Азиат обвел путников мутным взглядом и, остановив его на Мораддине, икнул и спросил прямо: – Что спеть-то?

– Знаешь, любезный, мы вовсе не нуждаемся в увеселении… – вежливо произнес Мораддин, но туранец, свежо и пряно пахнущий ногами, шаурмой и пивом, лишь утвердился в своем заблуждении, что именно его песен господам и не хватает, рванул струны домры и заголосил на всю гостиницу:

– В белосте-е-енном Хоарезме, что ласка-а-аем синим морем, рос цветок мужской услады с нежным именем Зуле-е-ейна…

Орал он, как некормленный ишак, а домру не настраивали, наверно, лет десять.

– Титька тараканья, этого еще не хватало! – девушка с каштановыми косами в сердцах ударила ладонью по столу, и Исмаилу почудилось, будто ее ногти на миг стали раза в два длиннее обычных человеческих, словно вдруг из ножен высунулись пять острых кинжалов. Барыга на всякий случай осенил себя охранным знаком – но москвичка вновь сжала руку в кулачок, и теперь ее ногти выглядели не более устрашающе, чем у любой столичной модницы.

– Любезный, мы же тебе сказали, что… – терпеливый Мораддин сделал вторую попытку.

– …Но эмир сластолюби-ивый, разлучив Зулейну с ми-илым… – безжалостно продолжал туранец, терзая в поэтическом экстазе неповинную домру, – в свой гарем ее запря-а-атал, чтобы честь ее девичью…

– Вот про это, пожалуйста, поподробнее, – заинтересовался киммериец, приготовившись слушать.

– Я его сейчас убью! – зашипела жена консула, и было непонятно, о ком она – о дурнопахнущем менестреле или своем черноволосом спутнике.

Мораддин поднялся из-за стола и взглянул в упор на разошедшегося певца.

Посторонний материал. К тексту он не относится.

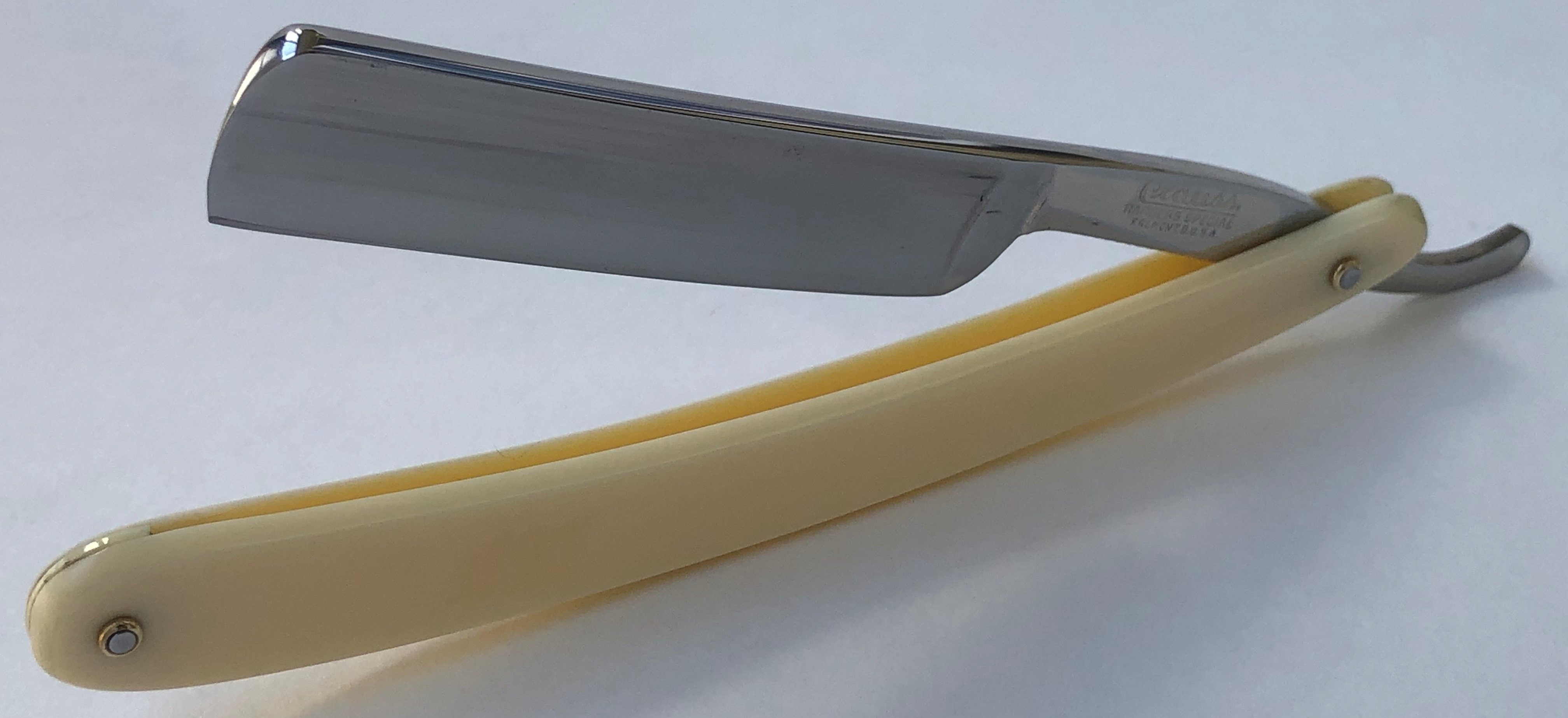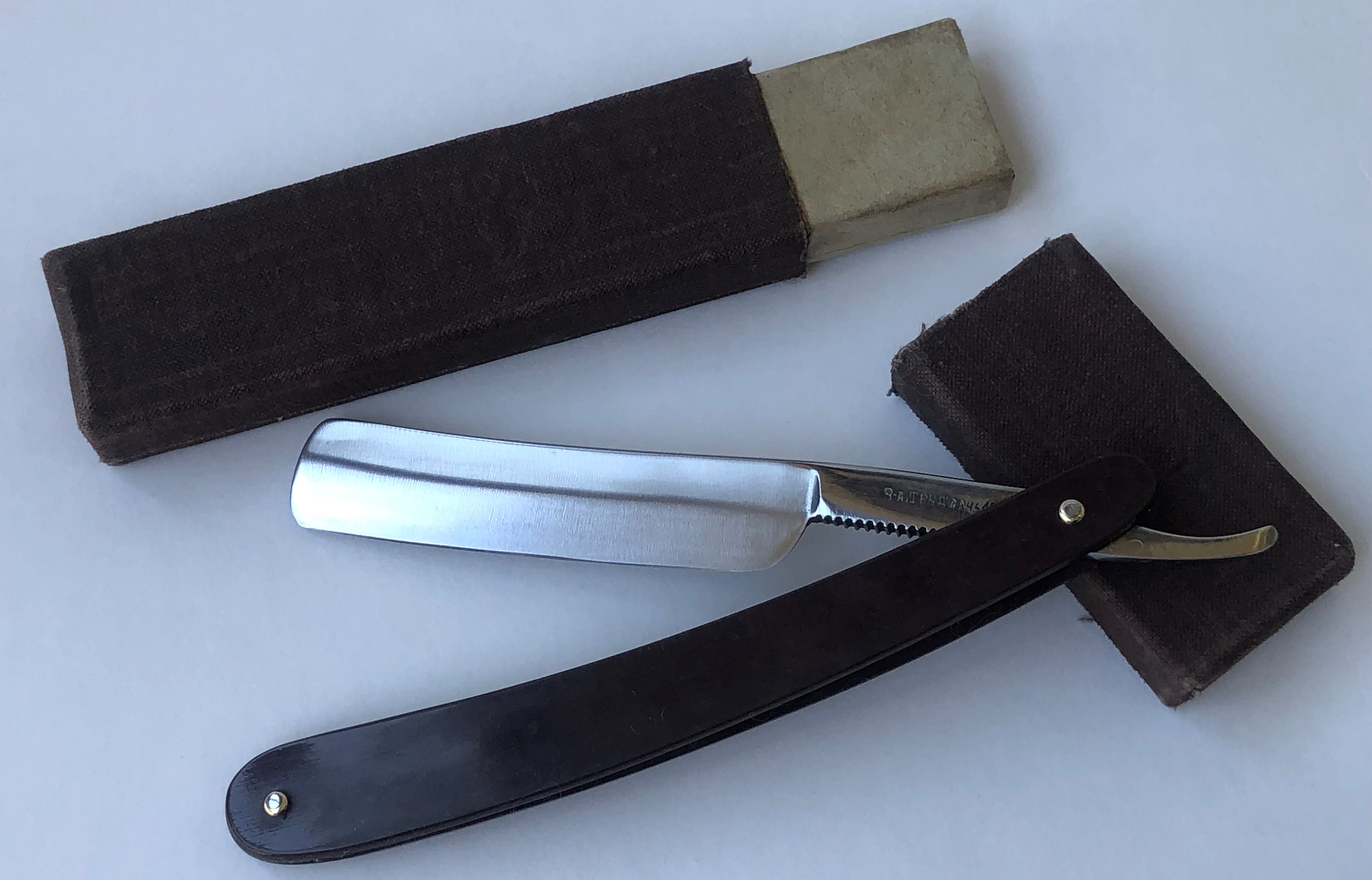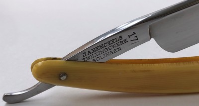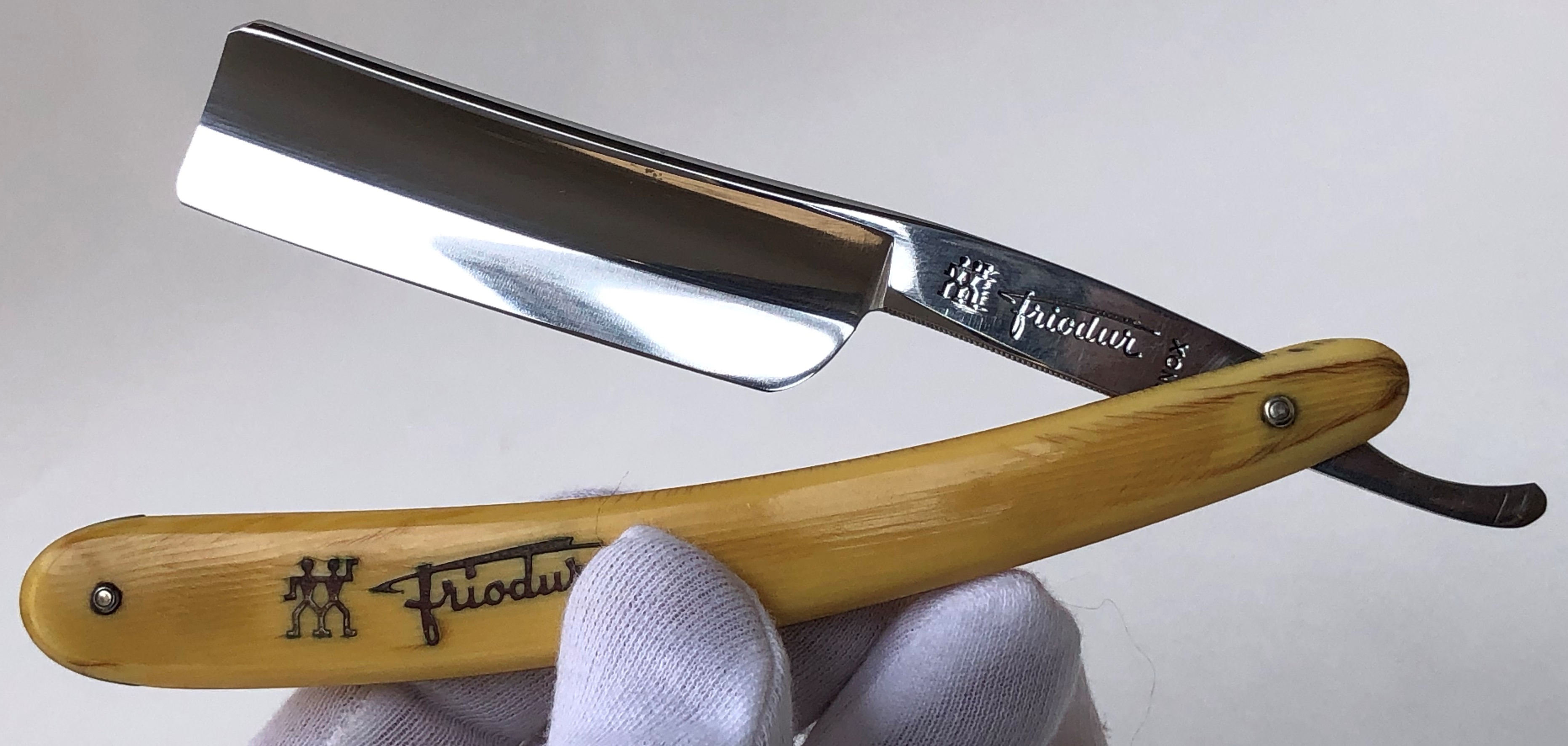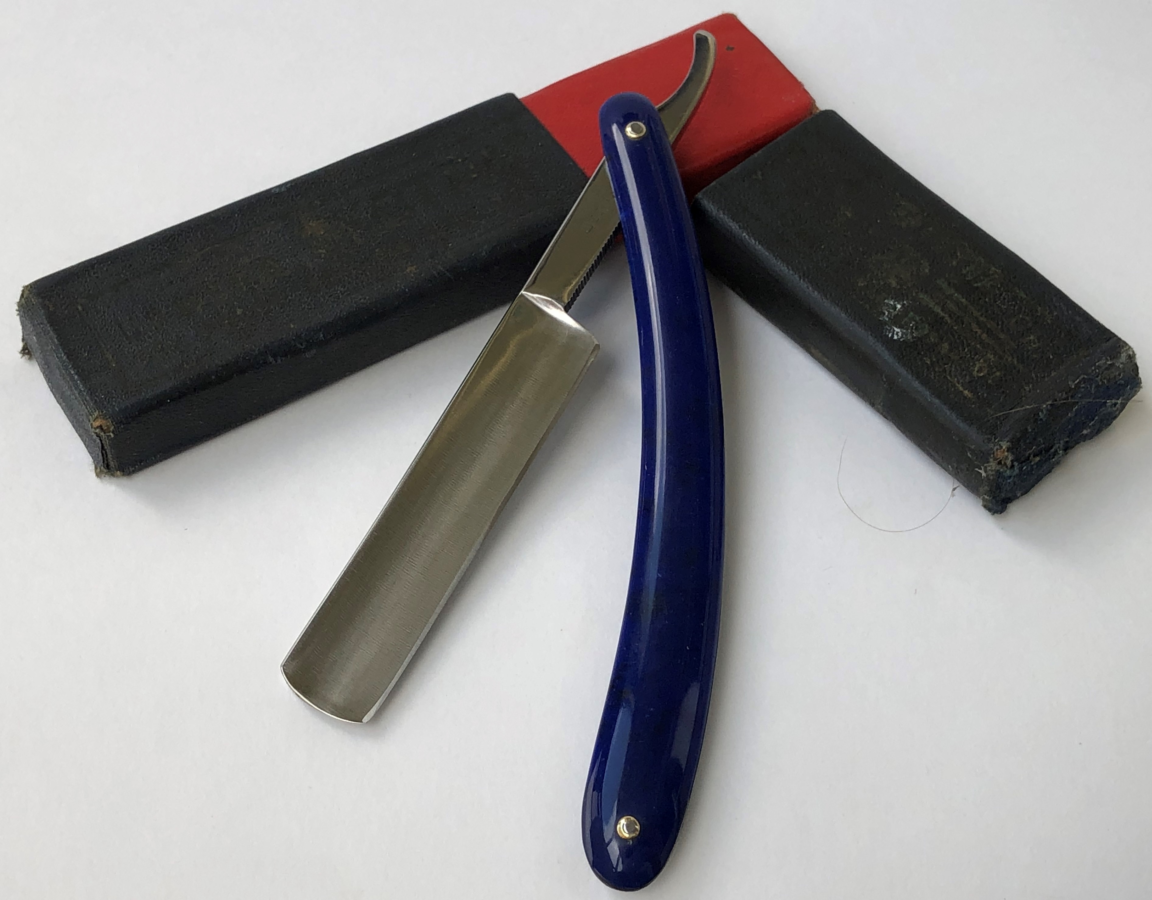 Бритва в очень хорошем состоянии, без активных следов пользования. Была разобрана для минимальных,косметических работ.Еле заметно задранный носик. Умеренная шлифовка и полировка.Кромочка равномерна по всей длине.Хенкельс с одним близнецом встречается реже, чем с двумя. Коробочка от другой модели.Бритва заточена и готова к бритью.

– Любезный, ты нас утомил, – очень тихо произнес он, и туранец мигом умолк. Потому что даже хмельной угар и упоение собственным искусством не помешали ему увидеть в глазах низенького вежливого путника, что чужая смерть для него – зрелище заурядное и даже приевшееся. Следовательно, одним неудачливым певцом больше, одним меньше – для этого спокойного господина значения не имело. Исмаил, которого невольно пробрал озноб от этого взгляда, решил, что поторопился с выводами о ненадежности туранского дипломатического корпуса, в котором есть такой замечательный вежливый военный атташе.

– Ну вот, на самом интересном месте, – проворчал киммериец, когда протрезвевший сын степей убрался восвояси. – Мрачные же у меня попутчики – даже песен не любят…

– Ну, вообще-то что решаем? – напомнил о себе Исмаил, доставая бумажник.

– Благодарим за предложение, уважаемый, – вместо гиганта ответил его малорослый друг, – но шел бы ты лесом. В направлении болота. Понял, да?

Исмаил и Конан одновременно открыли было рты – но Мораддин посмотрел в глаза сначала одному, потом другому, и оба рта послушно закрылись. Худенькая девушка торжествующе улыбнулась, обнажив при этом остренькие белые зубки.

Исмаил понял, что наступил подходящий момент откланяться. В этой мысли его особенно укрепила внезапно выглянувшая из-под стола морда красноглазого бультерьера, похожая на плоскогубцы. Милая зверюшка строго взглянула на настырного «челнока» и вывалила из пасти широкий розовый язык.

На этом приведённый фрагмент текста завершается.